After Tuesday’s turn, natural gas rebounded again after finding support at the initial base at $6.064 as EIA's latest projections for 2022 were higher than its October forecasts of 97.56 bcfd for supply and 87.89 bcfd for demand.
On Tuesday, the U.S. Energy Information Administration (EIA) presented its Short-Term Energy Outlook, which indicates U.S. demand and production will rise to record highs in 2022.
In the daily chart, natural gas tested a day’s low at $6.064, which is the long-term support, before starting a reversal on Wednesday.
If this support maintains for some time, the first breakout above the immediate resistance at $6.248 will confirm an upward trend.
The next confirmation will be with the next sustainable move above $6.512 before proceeding toward 200 DMA, which is currently at $6.686.
The bulls could attempt to stay above this before proceeding more upward, but still, the fear of sudden slide continues to hover as the weather still looks to favor the bears.
The pre-winter season could cause a surge in demand, but supply and storage concerns could result in selling sprees if production rises in the short term.
On the other hand, changing climate patterns could disrupt the demand-supply equation, resulting in wild price swings until this year's end.
In the daily chart, natural gas is currently trading below the 9 DMA, which is currently at $6.384, indicating weakness.

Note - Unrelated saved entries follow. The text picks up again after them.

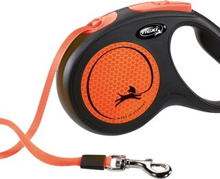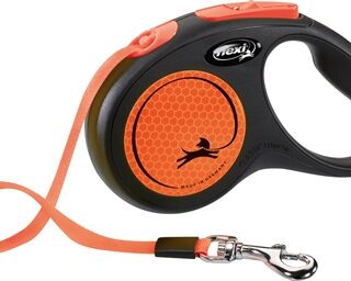 De Flexi Rollijn New Neon Tape Zwart / Oranje M 5 meter is een handige, opvallende looplijn met band op rolmechanisme voor honden tot 25 kg. Deze nieuwe uitvoering springt er lekker uit! De behuizing van de Flexi is zwart, met details in een felle oranje contrastkleur. De lijn bestaat uit een stevige platte band met musketonhaak op rolmechanisme, waardoor de hond meer ruimte heeft om te lopen. Met de knop bovenop kun je de lijn afremmen of terughalen. De zijkanten zijn reflecterend voor meer zichtbaarheid. Een handige, opvallende rollijn van de bekende Flexi-kwaliteit die de hond lekker veel bewegingsruimte biedt!
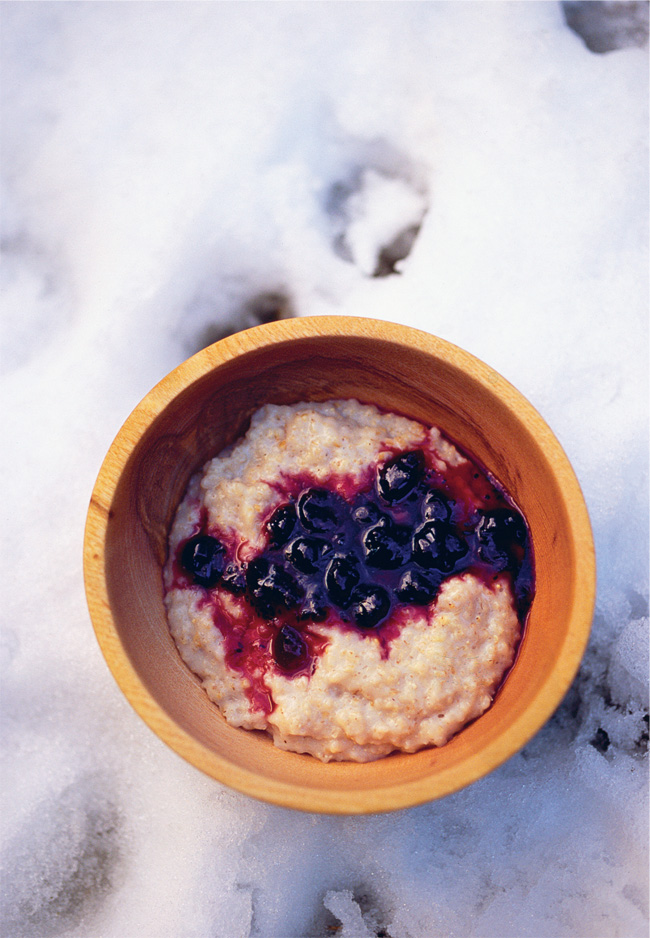 The recipe is straightforward, and I owe it entirely to Ian. I bring three cups of water to the boil, pour in a cup of medium pinhead oatmeal in a steady flow (let it fall in a steady rain, is how Marian McNeill puts it in The Scots Kitchen), stirring all the time in a clockwise direction. It is done in five minutes, no longer, a scant teaspoon of salt added in the last minute of cooking. As it slides into the wooden porridge bowls, I spoon in a smudge of damson or blackcurrant jam and, if there is any around, some cold single or double cream, avoiding the temptation to write my initials with maple syrup. Tradition prefers us to stand. I hope that leaning against the kitchen sink isn’t going to induce the wrath of the devil.
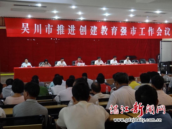 湛江新闻网讯:13日,吴川市召开推进创建教育强市工作会议。会议提出:不按时完成任务的镇(街)党政负责人及有关职能部门负责人将被“一票否决”。吴川市委书记曹兴,市长江毅,湛江市教育局副局长林涛等领导出席会议,各镇(街)党政主要负责人,各村(居)委书记、主任,以及各中小学校长500多人参加会议。
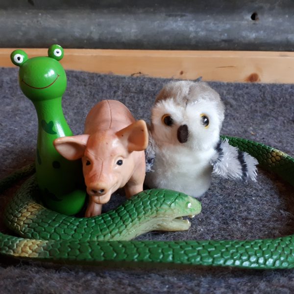The lovely chatty Willow class from Astley CE School came to the farm today to learn about animal classification. We started the day thinking about different animals and their characteristics. I lined up all my animal toys and we could see similarities and differences. The toys were split into mammals, amphibians, reptiles and birds. I also put out some feathers and had ‘buzz’ my stuffed Buzzard to show the children.
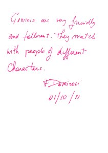 We are back to English again! One page, two authors. The first said: “Smart, musician, romantic, that’s all!”. The second added: “Positive person, intelligent, lovable”. The sentence ends with a heart symbol, just to emphasize how lovely the Twins truly are. We must agree – there are many musicians born under this sign. They are not your average, silly songstresses or pop starlets – they are the bards like Paul McCartney and Bob Dylan.
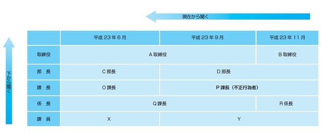 表中のP課長が不正行為をはたらいたとの嫌疑で社内調査が開始されたとします。嫌疑対象者たるP課長から最初に事情を聞いてはなりません。ヒアリングを実施する順番がとても重要です。「縦」の 関係でいうと、 上からは聞くのでなく「下から聞く」 、 そして「横」の関係でいうと「現在から聞く」ということが原則です。上から聞いてはいけない理由は、ある担当者が嫌疑者であるとするとその上司も関与している可能性があり、最初に当該上司からヒアリングを実施すると、当該上司によって事件がつぶされてしまう可能性があるからです。
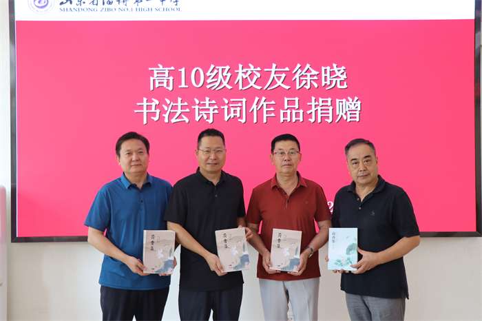 7月10日上午,我校高10级校友徐晓回访母校,捐赠自著诗词作品《荷香集》7本、书画作品两幅。我校曾任职教师、原市政府副秘书长刘新胜先生陪同并代表其子刘冠伟捐赠出版作品《锂光动力电池硬核入门》,祝贺一中百年华诞。学校党委书记刘加成、校庆办主任赵玉明等热情接待。
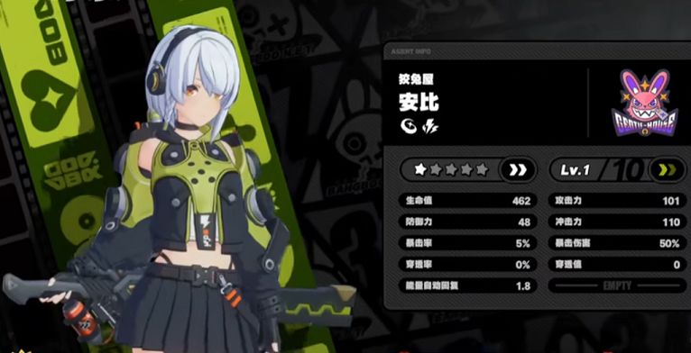 安比初始生命值为462,攻击力为101,防御力为48,冲击力为110,暴击率为百分之五,暴击伤害为百分之五十,没有穿透率和穿透值,能量自动回复为1.8。
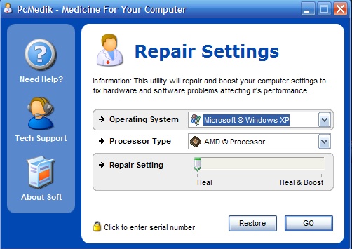 PCMedik - это небольшая программа, предназначенная для настройки параметров и оптимизации работы операционных систем Windows, позволяет уменьшить количество зависаний, "падений" и т.д. Вся работа с программой осуществляется посредством простого интерфейса. Требуется лишь указать операционную систему (Windows XP, например), производителя процессора (Intel, AMD, другой) и выбрать, что необходимо сделать: "вылечить" или "вылечить и оптимизировать". После применения PCMedik может заметно возрасти скорость работы приложений в среде Windows. |
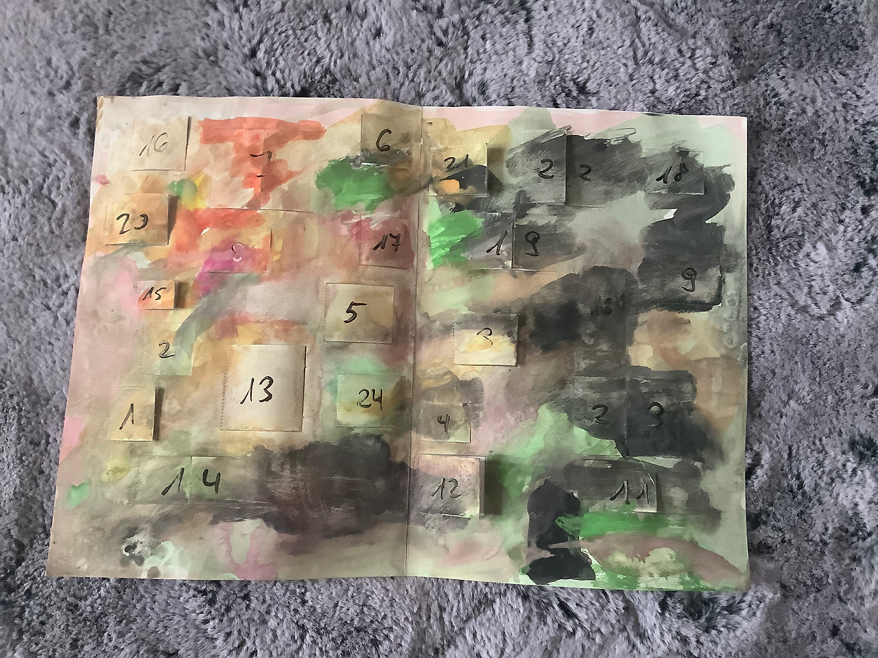 아래는 빈이가 학교에서 만들어 선물해준 어드벤츠 칼렌더인데 본인과 친구들이 돌아가며 직접 그림을 그려서 채운 종이 위에 저렇게 창문을 낸 종이를 덧 대어 날짜를 쓰고 다시 색칠을 해서 완성했다고 한다.
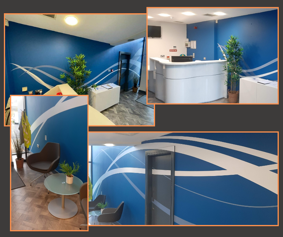 This open-plan office was transformed into a vibrant, branded workspace through the strategic use of vinyl graphics and a thoughtfully curated colour palette. I designed all vinyl elements and selected paint and carpet finishes to reflect and enhance the brand’s visual identity—resulting in a cohesive, functional, and inspiring environment.

Despite forming a ‘bullish crossover’ in the daily chart, weakness could persist if prices fail to hold the 26 DMA, which is the next significant support at $5.986.
A breakdown below $5.676 could push prices to hit the next significant support at $5.048.
Disclaimer: The author of this analysis does not have any position in Natural Gas. Readers are advised to take any position at their own risk, as Natural Gas is one of the most liquid commodities in the world.